> Problem details
All records that follow are to be copied exactly, with images omitted.

····················

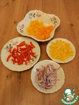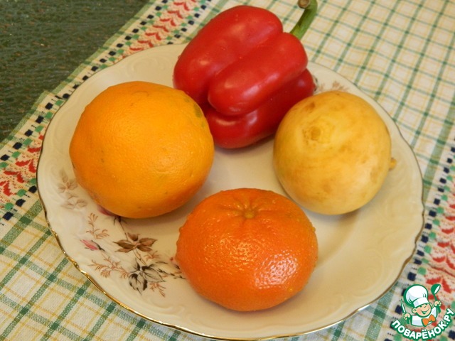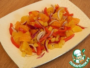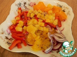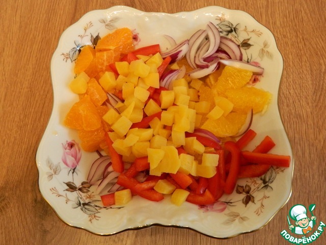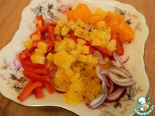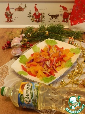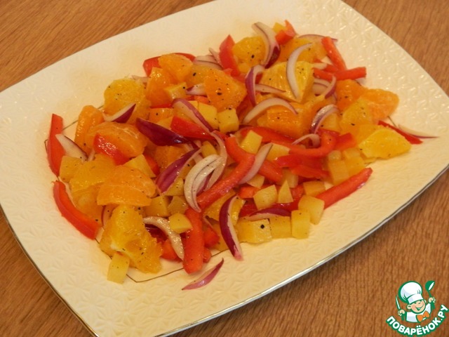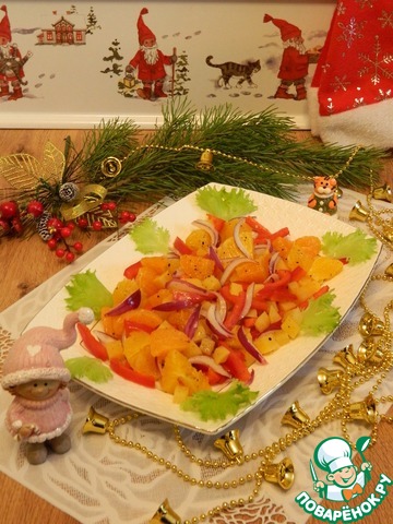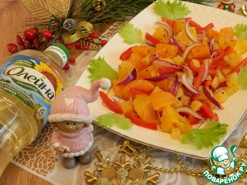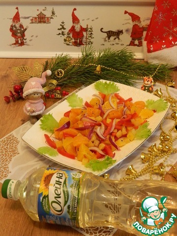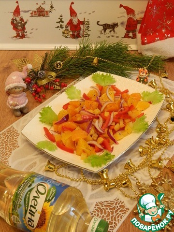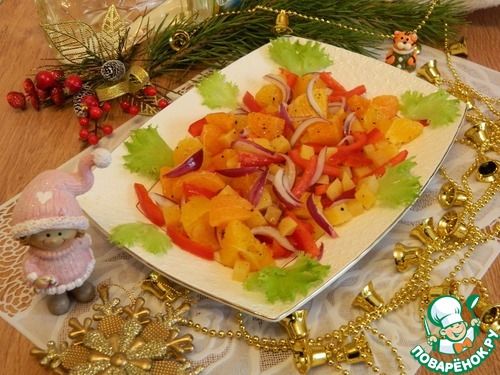 Пикантный салат с цитрусовыми нотками, сочный, ароматный, яркий. Подходит для праздничного стола, для ужина на двоих.
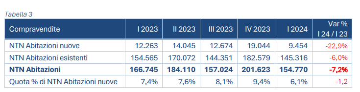 Sul mercato nazionale sono state compravendute quasi 155 mila abitazioni, circa 12 mila in meno rispetto allo stesso periodo del 2023 (-7,2%).
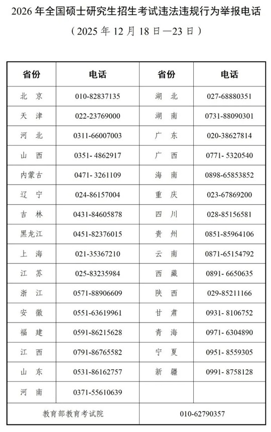 現(xiàn)向社會公布2026年全國碩士研究生招生考試違法違規(guī)行為舉報電話,歡迎廣大考生和公眾參與監(jiān)督。
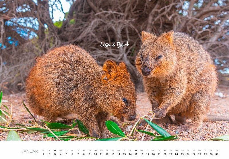 Gute Laune fürs ganze Jahr! Quokkas sind voll im Trend. Die Welt kann gar nicht genug von diesen stets gut gelaunten Mini-Kängurus bekommen. Unser Kalender zeigt das Leben der Beuteltiere und gibt jeden Monat einen erheiternden Fakt dazu. Was fressen Quokkas eigentlich? Wie leben sie untereinander? Und wie nervig sind die neugierigen Tiere für die ortsansässige Bevölkerung?
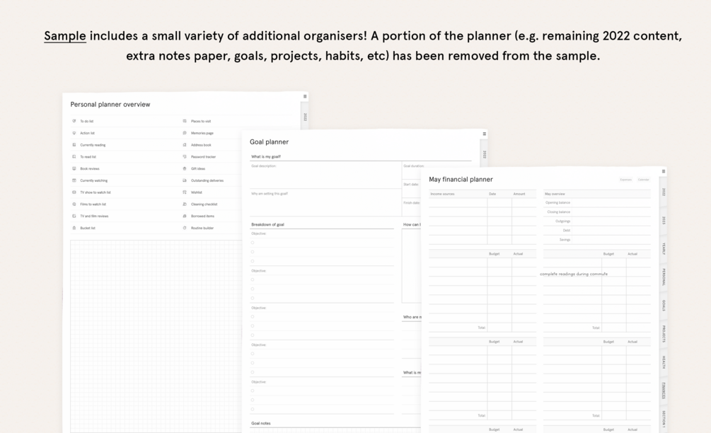 - etc: contents page (some links do not work in sample), May finances, goal plans, projects, to dos, to be read/watched; notes section.
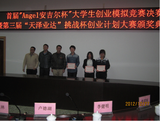 12月27日下午,由院团委和就业指导中心主办,院YBC青年创业服务站和创业爱好者联盟共同承办的学院首届“Angel安吉尔杯”大学生创业模拟竞赛决赛在行政楼二楼会议室举行。担任决赛的评委老师有:优秀创业校友(康琦环保科技有限公司常务副总)刘高威、纪检监察室副主任钟亮梅、KAB讲师曹熠城及营销专业教师陈玉章、汤亮。
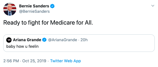 Ariana Grande Fans Out After Bernie Sanders Responds To Her Tweet And Says ‘Ready To Fight For Medicare For All’
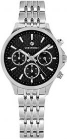 Женский кварцевый хронограф. Механизм Miyota. Центральные часовая, минутная и секундная стрелки. 12/24х часовой формат времени. Секундомер. Черный циферблат. Круглый корпус выполнен из нержавеющей стали. Диаметр корпуса составляет 35 мм. Заводная головка с защитой. Стальной браслет, раскладывающаяся застежка. Прочное минеральное стекло устойчивое к мелким механическим повреждениям. Водостойкость WR 100 (плавание без погружения).
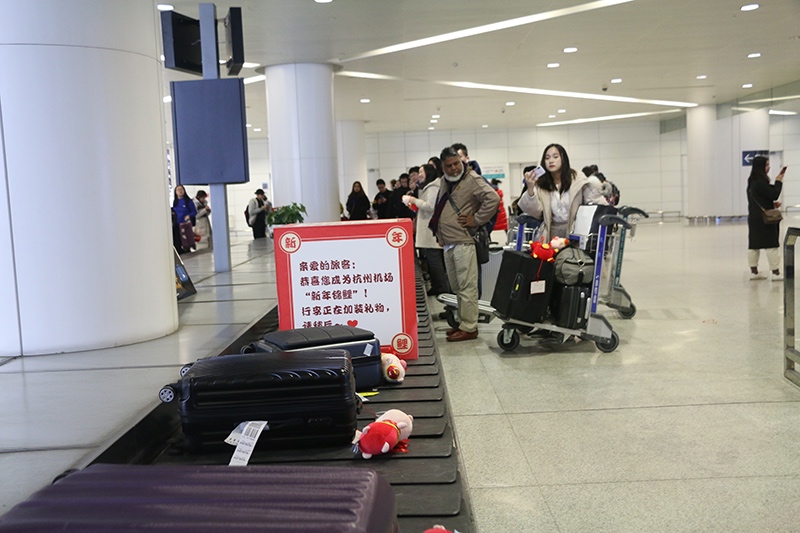 1月1日,83件系著豬年玩偶和新年賀卡的托運(yùn)行李驚喜亮相T3航站樓B10行李轉(zhuǎn)盤(pán)。這是航站區(qū)中心組織策劃的"好運(yùn)首開(kāi),錦鯉呈祥"新年活動(dòng),在地勤公司行李部的協(xié)助配合下,從廣州飛抵本場(chǎng)的CZ3803航班上的83件托運(yùn)行李主人成為了新年"幸運(yùn)錦鯉"。驚喜活動(dòng)讓現(xiàn)場(chǎng)旅客興奮不已,紛紛拿出手機(jī)記錄下感動(dòng)的一幕,開(kāi)啟了2019年"溫暖航站樓"的序幕。(航站區(qū)中心 朱偉 任嘉婷)
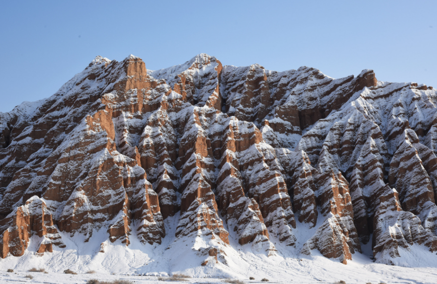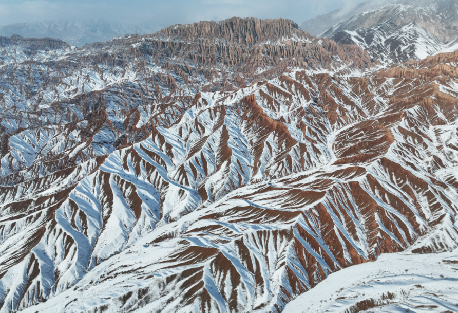 12月25日,在吐鲁番火云谷景区,雪后的火焰山银装素裹,冰与火的奇景蔚为壮观。火焰山横卧于吐鲁番盆地,盛夏酷热似火,冬季披上“银装”的火焰山分外妖娆,景色迷人。吐鲁番市融媒体中心记者刘健刘宇杰摄
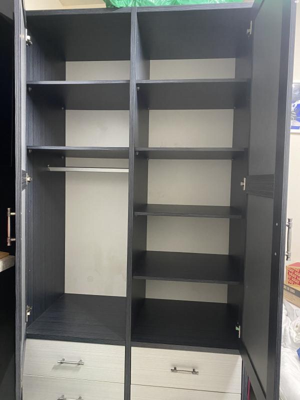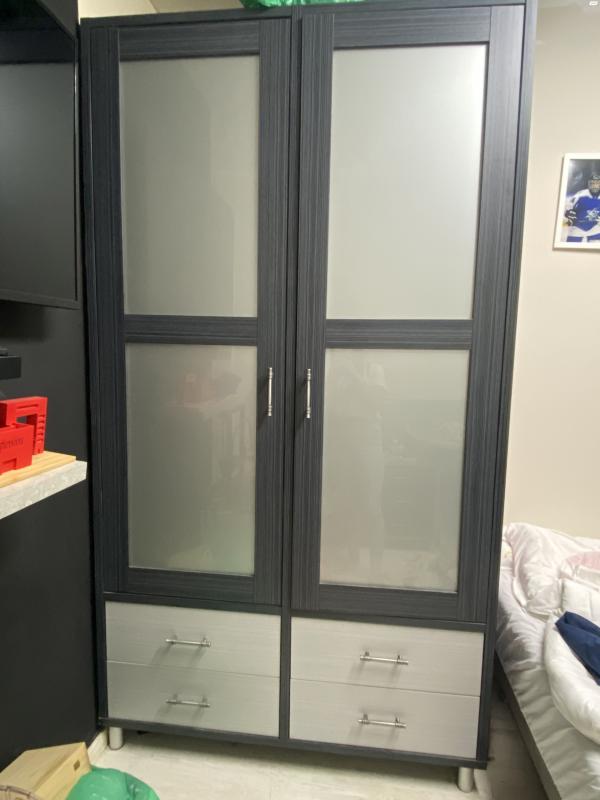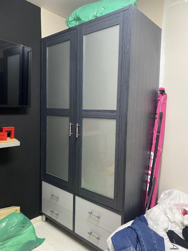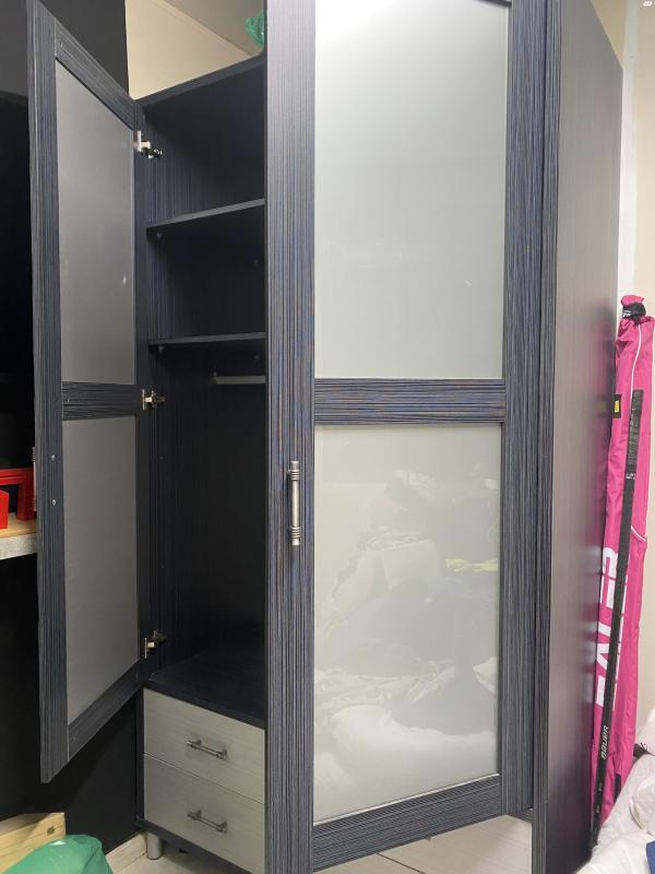 ארון בגדים 2דלתות גדול עם הרבה מקום על הדלתות יש זכוכית חלבית צד אחד מדפים והצד השני מדפים וטלייה בנוסף יש 4 מגירות גדולות הארון שמור וחדש ארון בגדים 2דלתות

····················

> Task output
 Пикантный салат с цитрусовыми нотками, сочный, ароматный, яркий. Подходит для праздничного стола, для ужина на двоих.
 Sul mercato nazionale sono state compravendute quasi 155 mila abitazioni, circa 12 mila in meno rispetto allo stesso periodo del 2023 (-7,2%).
 現(xiàn)向社會公布2026年全國碩士研究生招生考試違法違規(guī)行為舉報電話,歡迎廣大考生和公眾參與監(jiān)督。
 Gute Laune fürs ganze Jahr! Quokkas sind voll im Trend. Die Welt kann gar nicht genug von diesen stets gut gelaunten Mini-Kängurus bekommen. Unser Kalender zeigt das Leben der Beuteltiere und gibt jeden Monat einen erheiternden Fakt dazu. Was fressen Quokkas eigentlich? Wie leben sie untereinander? Und wie nervig sind die neugierigen Tiere für die ortsansässige Bevölkerung?
 - etc: contents page (some links do not work in sample), May finances, goal plans, projects, to dos, to be read/watched; notes section.
 12月27日下午,由院团委和就业指导中心主办,院YBC青年创业服务站和创业爱好者联盟共同承办的学院首届“Angel安吉尔杯”大学生创业模拟竞赛决赛在行政楼二楼会议室举行。担任决赛的评委老师有:优秀创业校友(康琦环保科技有限公司常务副总)刘高威、纪检监察室副主任钟亮梅、KAB讲师曹熠城及营销专业教师陈玉章、汤亮。
 Ariana Grande Fans Out After Bernie Sanders Responds To Her Tweet And Says ‘Ready To Fight For Medicare For All’
 Женский кварцевый хронограф. Механизм Miyota. Центральные часовая, минутная и секундная стрелки. 12/24х часовой формат времени. Секундомер. Черный циферблат. Круглый корпус выполнен из нержавеющей стали. Диаметр корпуса составляет 35 мм. Заводная головка с защитой. Стальной браслет, раскладывающаяся застежка. Прочное минеральное стекло устойчивое к мелким механическим повреждениям. Водостойкость WR 100 (плавание без погружения).
 1月1日,83件系著豬年玩偶和新年賀卡的托運(yùn)行李驚喜亮相T3航站樓B10行李轉(zhuǎn)盤(pán)。這是航站區(qū)中心組織策劃的"好運(yùn)首開(kāi),錦鯉呈祥"新年活動(dòng),在地勤公司行李部的協(xié)助配合下,從廣州飛抵本場(chǎng)的CZ3803航班上的83件托運(yùn)行李主人成為了新年"幸運(yùn)錦鯉"。驚喜活動(dòng)讓現(xiàn)場(chǎng)旅客興奮不已,紛紛拿出手機(jī)記錄下感動(dòng)的一幕,開(kāi)啟了2019年"溫暖航站樓"的序幕。(航站區(qū)中心 朱偉 任嘉婷)
 12月25日,在吐鲁番火云谷景区,雪后的火焰山银装素裹,冰与火的奇景蔚为壮观。火焰山横卧于吐鲁番盆地,盛夏酷热似火,冬季披上“银装”的火焰山分外妖娆,景色迷人。吐鲁番市融媒体中心记者刘健刘宇杰摄
 ארון בגדים 2דלתות גדול עם הרבה מקום על הדלתות יש זכוכית חלבית צד אחד מדפים והצד השני מדפים וטלייה בנוסף יש 4 מגירות גדולות הארון שמור וחדש ארון בגדים 2דלתות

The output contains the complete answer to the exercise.